RewriteRule ^([a-z]+)/?$ /index.php?p=$1 

Here is the rewrite log:

init rewrite engine with requested uri /keyword/
pass through /keyword/
[perdir /var/www/html/] add path info postfix: /var/www/html/keyword -> /var/www/html/keyword/
[perdir /var/www/html/] strip per-dir prefix: /var/www/html/keyword/ -> keyword/
[perdir /var/www/html/] applying pattern '^([a-z]+)/?$' to uri 'keyword/'
[perdir /var/www/html/] rewrite 'keyword/' -> '/index.php?p=keyword'
split uri=/index.php?p=keyword -> uri=/index.php, args=p=keyword
[perdir /var/www/html/] internal redirect with /index.php [INTERNAL REDIRECT]

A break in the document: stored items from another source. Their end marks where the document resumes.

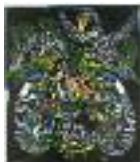
ARS MEDICI 10/15: Vögel auf schwarz (verkauft!)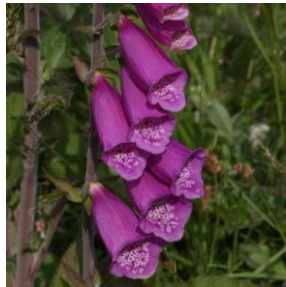
Revebjelle - Digitalis purpurea 1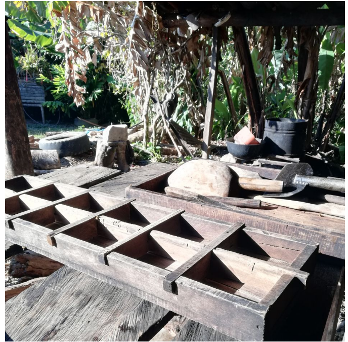
Figura 9. Moldes para elaborar la panela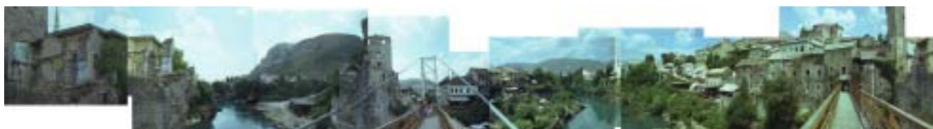
Vue panoramique de la passerelle qui remplace le Vieux Pont 5 (Stari Most) de Mostar

Ainsi, si le développement des deux associations s'est fait autour du Festival Interculturel de Mostar, nos associations souhaitent aujourd'hui, dans un souci de réciprocité, faire aboutir de véritables échanges entre Toulouse, Grenoble et l'ex-Yougoslavie.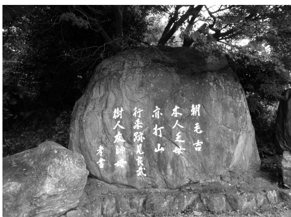
橋本市真土の万葉歌碑 (犬養孝揮毫)

○白たへに にほふ真土の やまかわ 山川に 我が馬 なづむ 家恋ふらしも (巻 7-1192)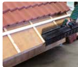
5 Begin aan de rechterzijde met het plaatsen van het eerste Vogelvide element. Breng de RVS torxschroeven & neopreen-volgring aan, door de Vogelvide in de tengels.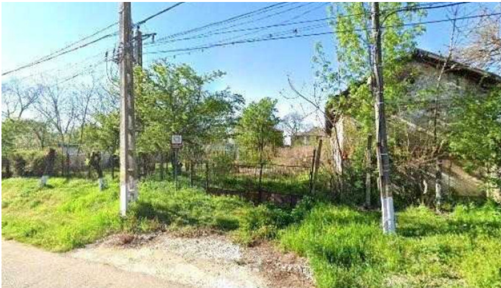
Conacul cotofenilor street view si 360deg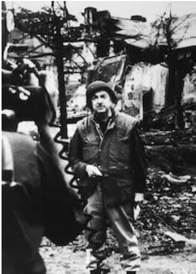
Slika 1. Walter Cronkite izvještava o Vijetnamskom ratu.

Nakon odlaska u Vijetnam 1968. godine mišljenje Waltera Cronkitea se promijenilo, te se samim time promijenilo i mišljenje većine Amerikanaca. Cronkite izjavio je "Reći da smo danas bliže pobjedi znači vjerovati, unatoč dokazima, optimistima koji su u prošlosti griješili. Predložiti da smo na rubu poraza znači popustiti nerazumno pesimizmu. Reći da smo zaglibili u pat poziciji čini se jedino realnim, ali nezadovoljavajućim zaključkom." (Bowden, 2018). Cronkiteov izvještaj bio je značajan. To je uvelike pridonijelo pomaku javnog mnijenja protiv rata.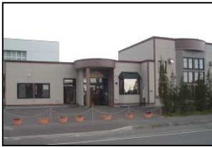
ほくおう子育て支援センター (北斗5丁目6-10 ☎42-3743)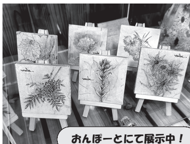
◀富貴紙絵画を制作しました！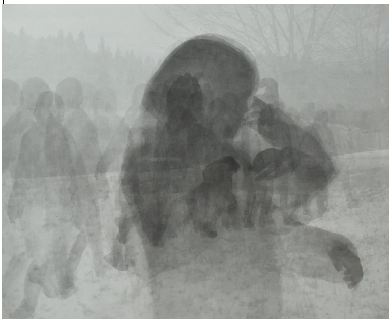
「After image」 606×727mm 白麻紙、墨、胡粉、インクジェットプリント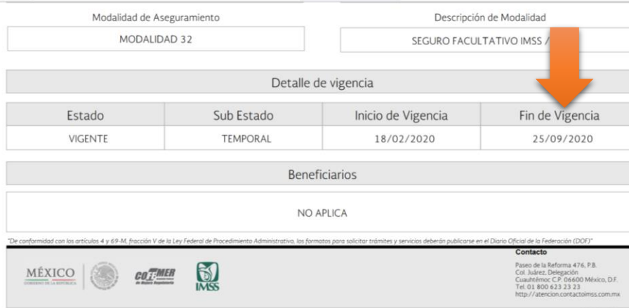
Imagen 07.-fecha fin de vigencia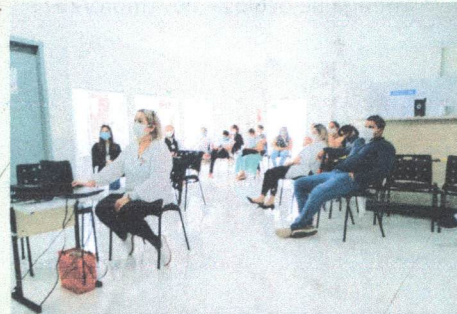
Matriciamento de ESF pelo CAPS - Celeste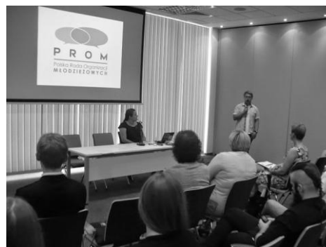
W konferencji uczestniczyła młodzież z różnych części województwa pomorskiego.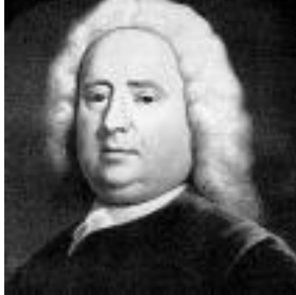
Samuel Richardson 1689 - 1761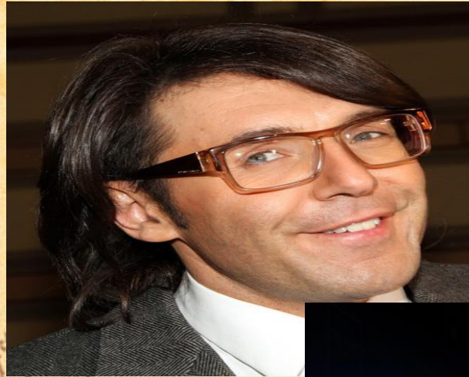
Ксения Анатольевна Собчак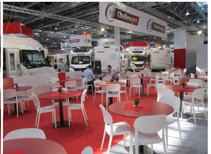
und doch zur Verkaufsberatung..... oder doch nicht?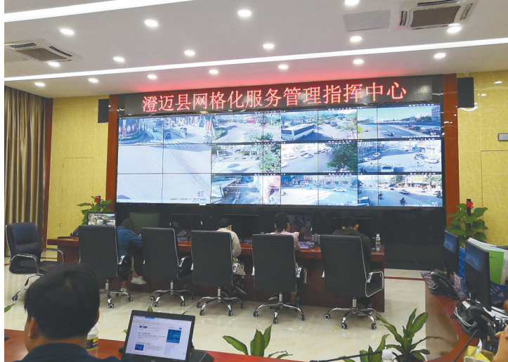
澄迈县网格化服务管理指挥中心。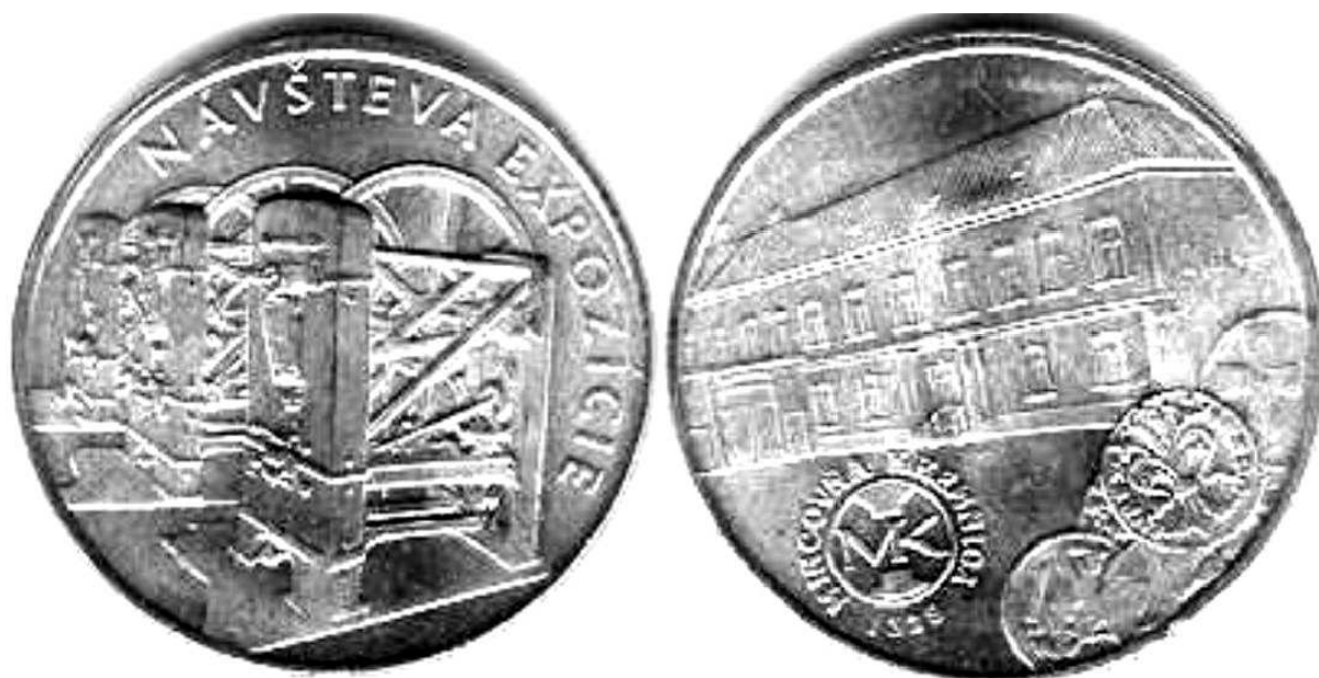
Žeton česki, bez roku, mennica w Kremnicy, miedź, 25 mm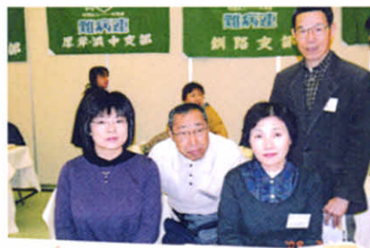
高田代表理事も一緒に(役員研修会)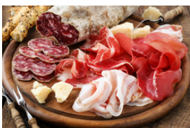
Viande et charcuterie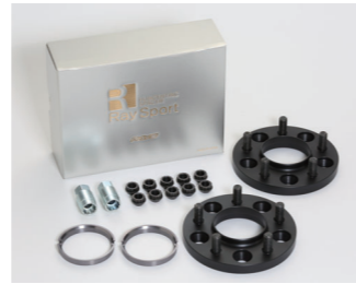
Ⓐ RHCS 5mm 5-114 73.1BK 2P Ⓑ RHCS 15mm 5-114 2Pキット Ⓒ RHCS 15mm 5-100 2Pキット Ⓓ RHCS 20mm 4-100 2Pキット

日本車用・ハブセントリックスペーサー各種《商品コード: 7407》 ・カラー: ブラック(アルマイト) ・材質: 本体/AC4CH-T6、スタッドボルト/SCM435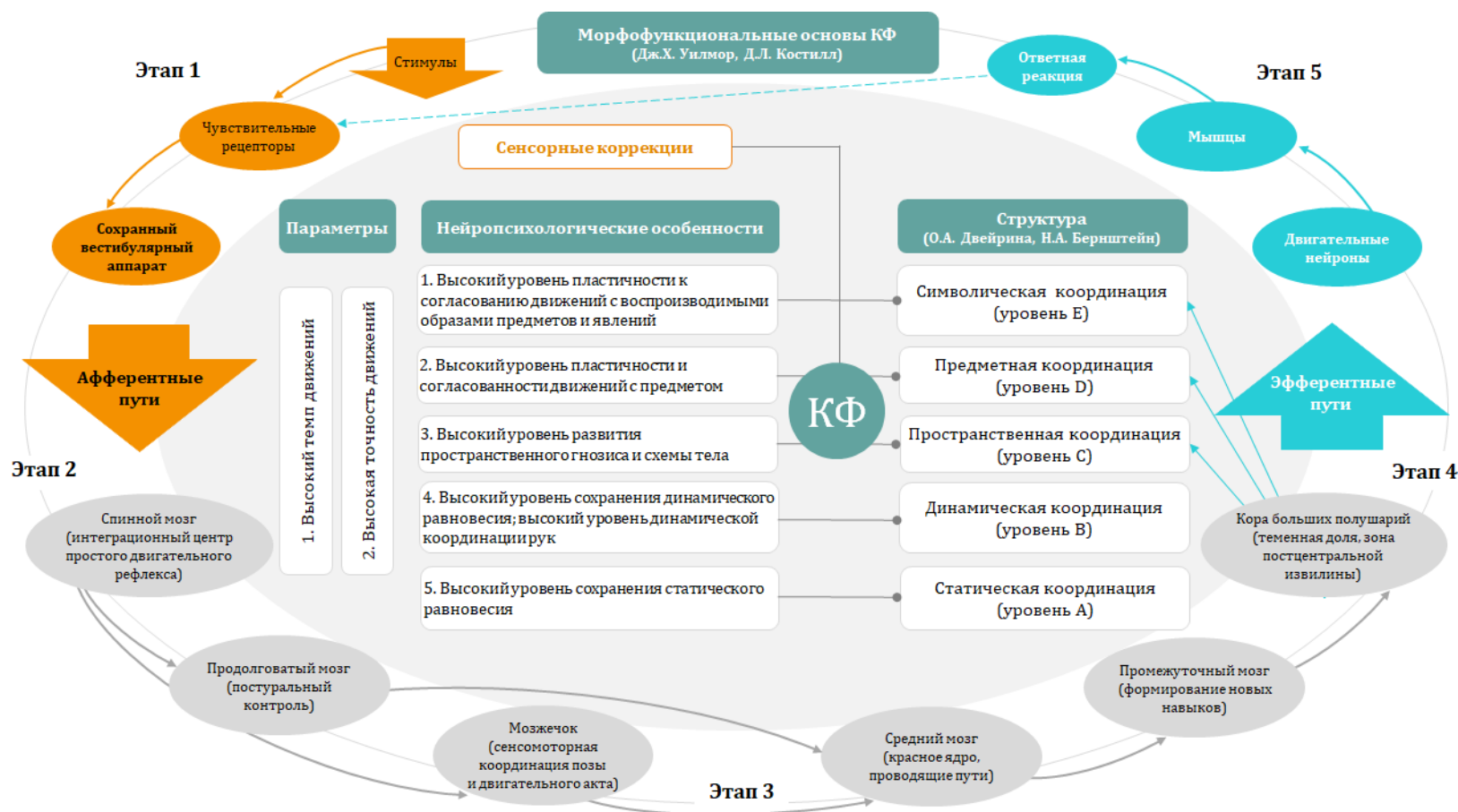
Рис. 1. Схема концептуальной модели исследования особенностей координационных функций у детей младшего школьного возраста без нарушения слуха

Примечания: КФ — координационная функция; оранжевый цвет — сенсорный процесс; голубой цвет — моторный процесс; серый цвет — морфофункциональные основания координационных функций.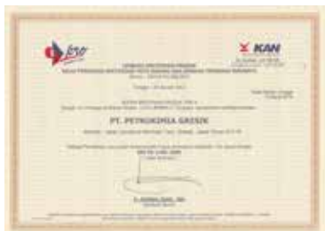
Sertifikasi Produk Tipe 5 - Pupuk ZA Product Certification Type 5 - ZA Fertilizer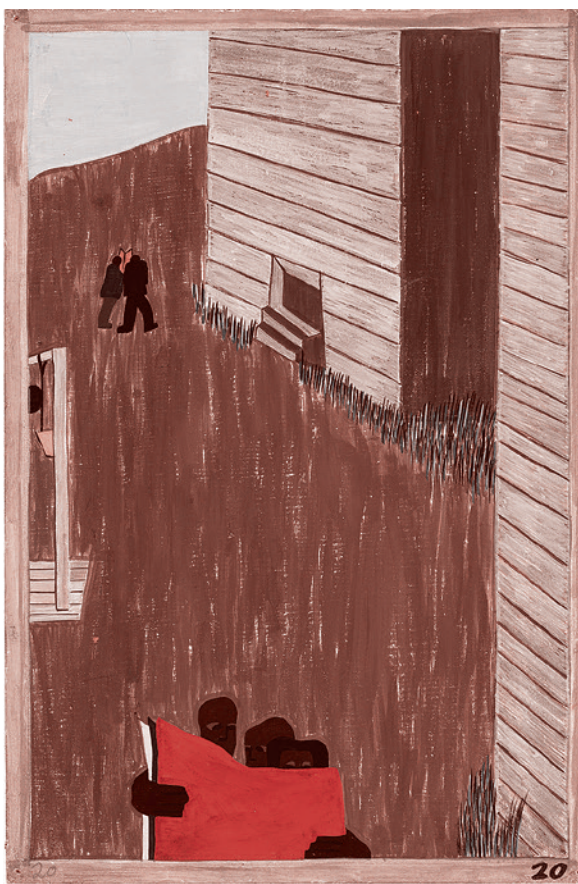
Джейкоб Лоуренс. №20 из серии «Миграция»: Во многих районах черная пресса читалась с большим интересом. Это воодушевляло движение. 1940–1941

Общение наше шло параллельно с общением. Причем инициатором этого обще-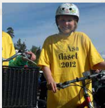
Åsaflåset körs varje försommar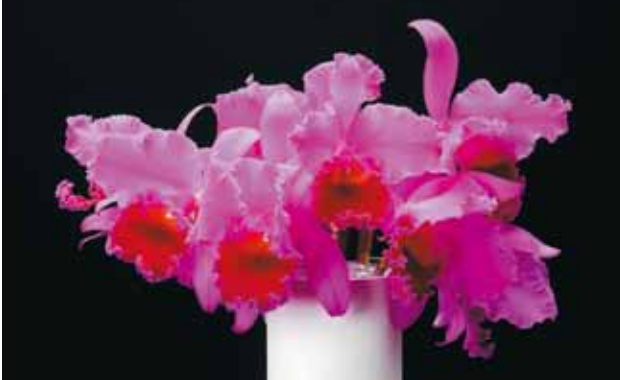
Rlc. Merrily Murison 'Parfum'

Chairman of Okinawa Churashima Foundation Award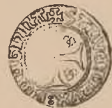
(Rückseite zu der mit dem Probezettel abgebildeten Vorderseite.)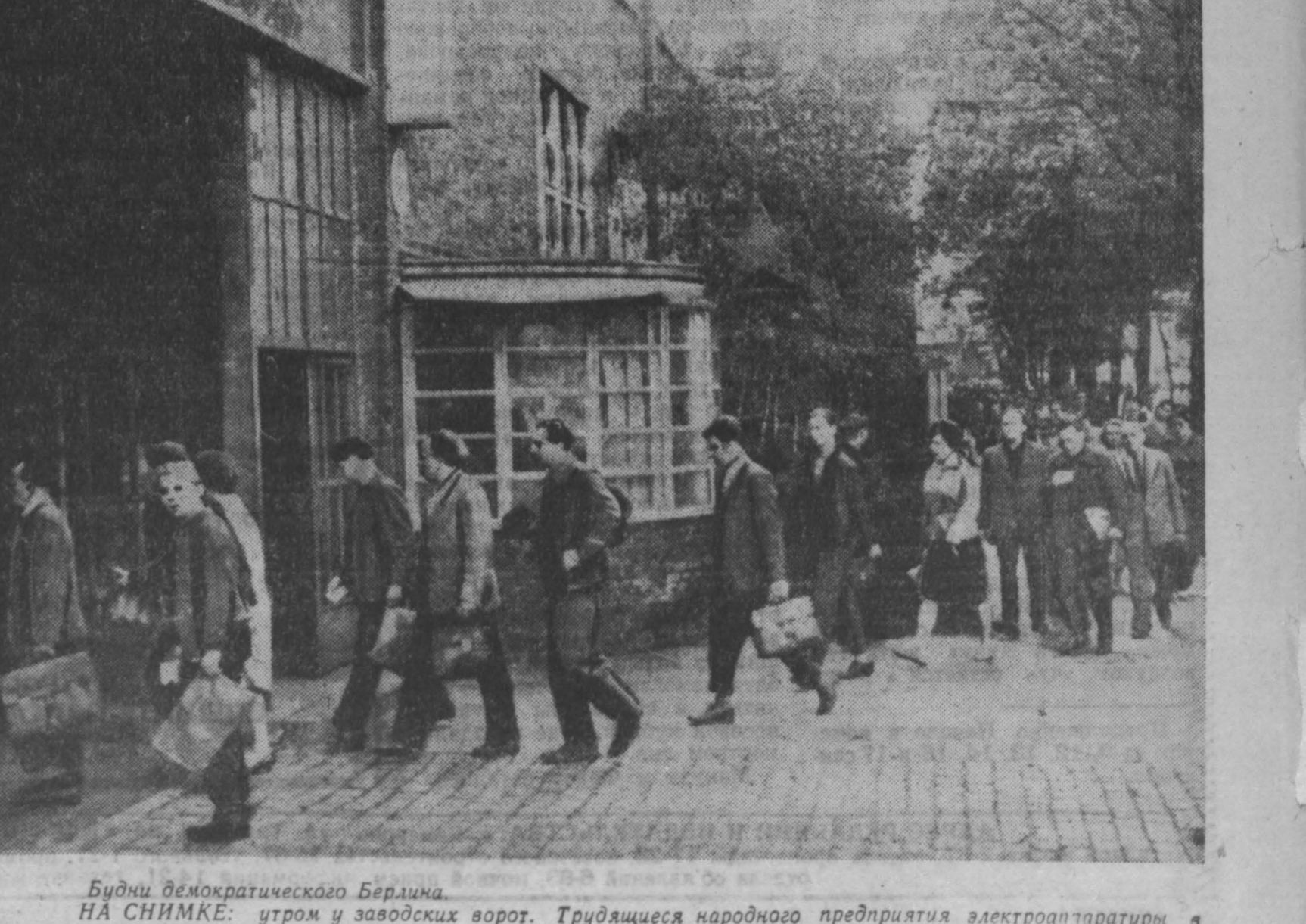
Будни демократического Берлина. НА СНИМКЕ: утроем у заводских ворот. Трудящиеся народного предприятия электротаратари района Трентов идут на работу.

закупают давным-давно не проданные топоры, потерченные пилы. А за известную сумму вынуждены ездить на рынки в Юргу или Болотное и покупать там ее у спекулянтов. Руководители Юргинского райпотребсоюза бываю в магазинах райкоопов и сельпо, но мнутся с нарушениями правил торговли, с уязвостью ассортимента хозяйственных товаров на прилавках. Не видно, чтобы они проявляли инициативу и заказывали местным промышленным предприятиям самые необходимые товары, которые могли бы лучше удовлетворять спрос населения.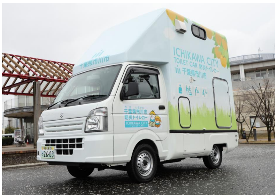
▲ 外観 (左)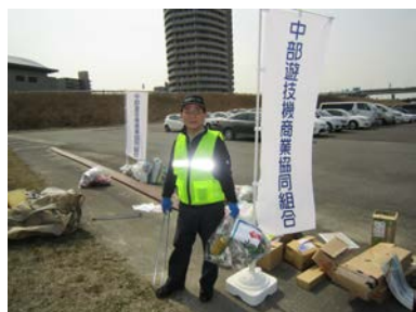
前島副理事長も参加されました。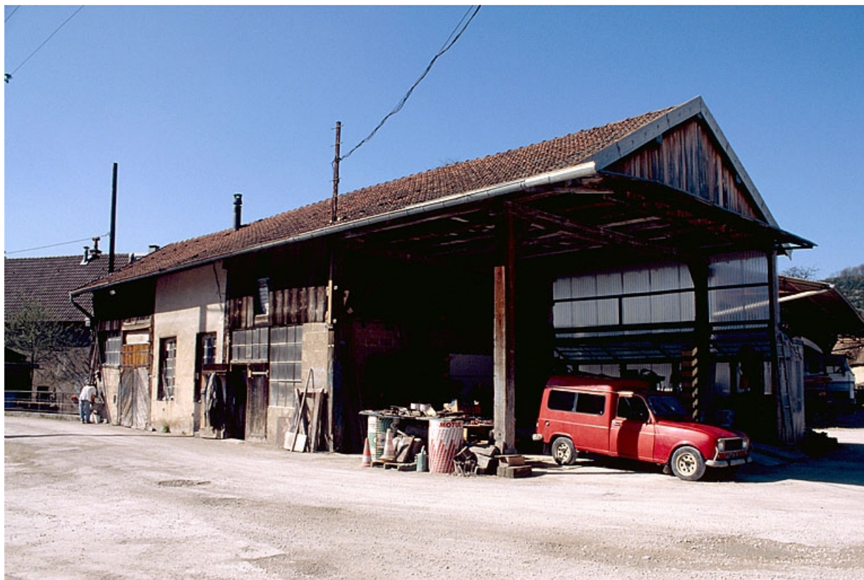
Vue de trois quarts de l'atelier de réparation. 39, Salins-les-Bains, 6, 8 avenue Aristide Briand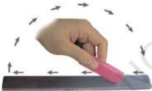
चित्र 13.11 अपना स्वयं का चुंबक बनाना

चुंबक बनाने की अनेक विधियाँ हैं। आइए, हम सरलतम विधि सीखें। लोहे का एक आयताकार टुकड़ा लीजिए। इसे मेज पर रखिए। अब एक छड़ चुंबक लीजिए तथा इसका कोई एक ध्रुव लोहे की छड़ के एक सिरे पर रखिए। चुंबक को बिना हटाए इसे लोहे की छड़ के दूसरे सिरे तक ले जाइए। चुंबक को उठाइए तथा उसी ध्रुव को लोहे के टुकड़े के प्रारंभिक सिरे पर वापस ले आइए (चित्र 13.11)। इसी प्रकार चुंबक को लोहे की छड़ के अनुदिश बार-बार ले जाइए। इस प्रक्रिया को लगभग 30-40 बार दोहराइए। जाँच कीजिए कि क्या लोहे की छड़ चुंबक बन गई है। इसके लिए कोई पिन अथवा लोहे का बुरादा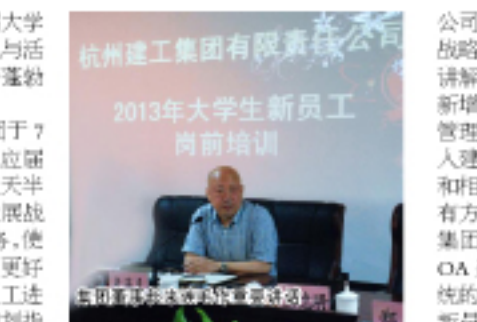
杭州建工集团有限责任公司 2013年大学生新员工岗前培训

来董事长谆谆教导大家,每个人都有梦想,我们的梦想、我们的信念会潜移默化地引导我们走向成功。而我们的梦想,将从这里起航。来董事长给大家提出了“要行动,要创新,要坚持,要学习,要感恩”的期望。他以“和尚云游”的故事生动地阐述了“任何事不能等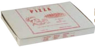
Cajas de pizza (vacías)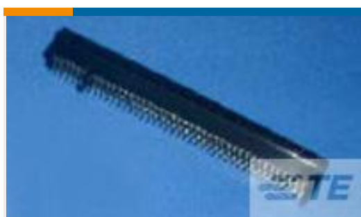
TE 产品编号 1734774-1 PCI EXP 3.1L 36 POS WHT G/F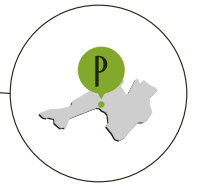
PROSECCO DOCG ZONE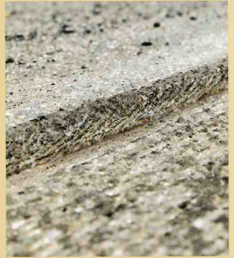
切削線には切削屑もなくきれいな切削断面が見られます。

W350の重心は低く、質量が良い具合に分散されており、切削機に取り付けるビットが最適に配置されているので、切削深さがかなりあっても、スムーズに動きます。また、騒音防止にも優れており、さらに使いやすいとなっております。このような作業で時折使われる付属の切削装置とちがって、W350の切削方法は現場の作業員に賞賛されています。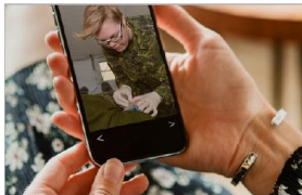
Chaque photo saisit un moment, mais la différence entre les personnes qui ont servi est aussi réelle aujourd'hui que le jour où elle fut prise.

I'll take this opportunity to correct some of the other answers.

you need the L flag to stop rewriting once the rule has hit. (otherwise you get an endless loop)

This is wrong for two reasons: (1) index.php does not match '^([a-z]+)/?$' and (2) even if it did [L] wouldn't stop the processing because this per-dir rewrite results in an internal redirect (see log) (as they often do) which [L] doesn't stop.

I believe the problem is actually the lack of a forward slash at the beginning of your regular expression.

No, the per-dir rewrite in strips of the initial slash (see log).

RewriteRule %{REQUEST_URI} !.php

This is probably a typo and should be RewriteCond %{REQUEST_URI} !.php

I have no solution but I recommend cranking up the RewriteLogLevel until you can see what is going on.

Edit: I don't think it is mod_rewrite. There is something else in your apache config causing the problem.